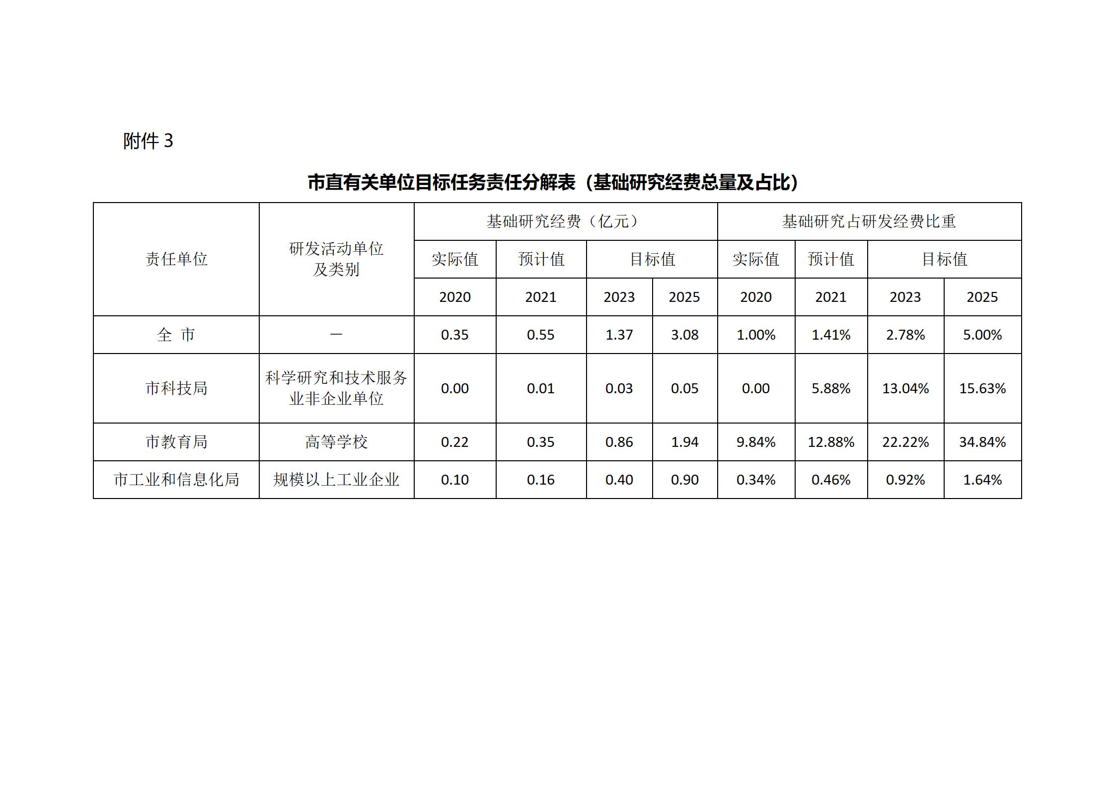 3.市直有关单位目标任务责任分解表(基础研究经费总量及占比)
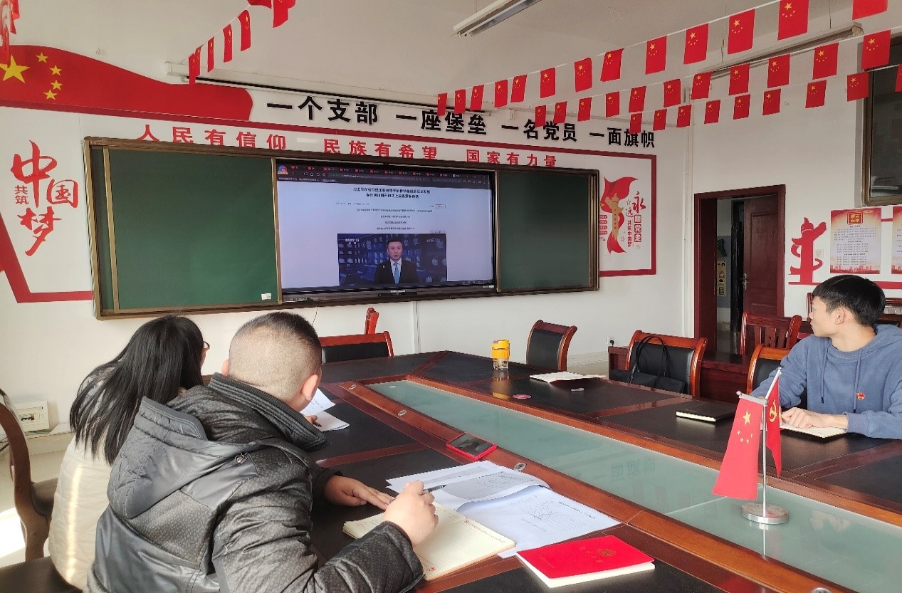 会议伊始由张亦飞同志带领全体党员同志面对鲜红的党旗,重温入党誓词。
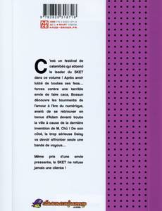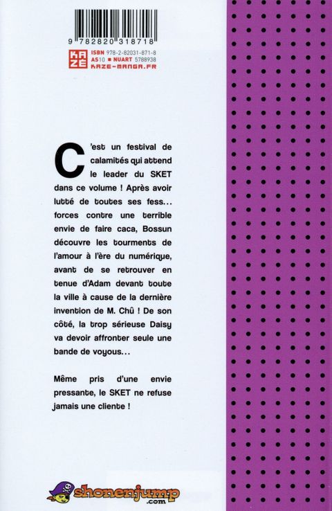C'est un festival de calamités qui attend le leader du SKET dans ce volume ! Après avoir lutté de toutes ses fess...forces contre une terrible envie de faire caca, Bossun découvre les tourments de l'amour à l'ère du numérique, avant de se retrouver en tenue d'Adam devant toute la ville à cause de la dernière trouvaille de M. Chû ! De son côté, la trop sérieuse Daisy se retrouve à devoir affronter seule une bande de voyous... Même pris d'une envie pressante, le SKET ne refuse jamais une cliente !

- _How to complete this task_
What you print must be exactly the lines from the one containing "会议伊始由张亦飞同志带领全体党员同志面对鲜红的党旗,重温入党誓词。" through the last line of the material, and no pictures.

- _Solution_
 会议伊始由张亦飞同志带领全体党员同志面对鲜红的党旗,重温入党誓词。
C'est un festival de calamités qui attend le leader du SKET dans ce volume ! Après avoir lutté de toutes ses fess...forces contre une terrible envie de faire caca, Bossun découvre les tourments de l'amour à l'ère du numérique, avant de se retrouver en tenue d'Adam devant toute la ville à cause de la dernière trouvaille de M. Chû ! De son côté, la trop sérieuse Daisy se retrouve à devoir affronter seule une bande de voyous... Même pris d'une envie pressante, le SKET ne refuse jamais une cliente !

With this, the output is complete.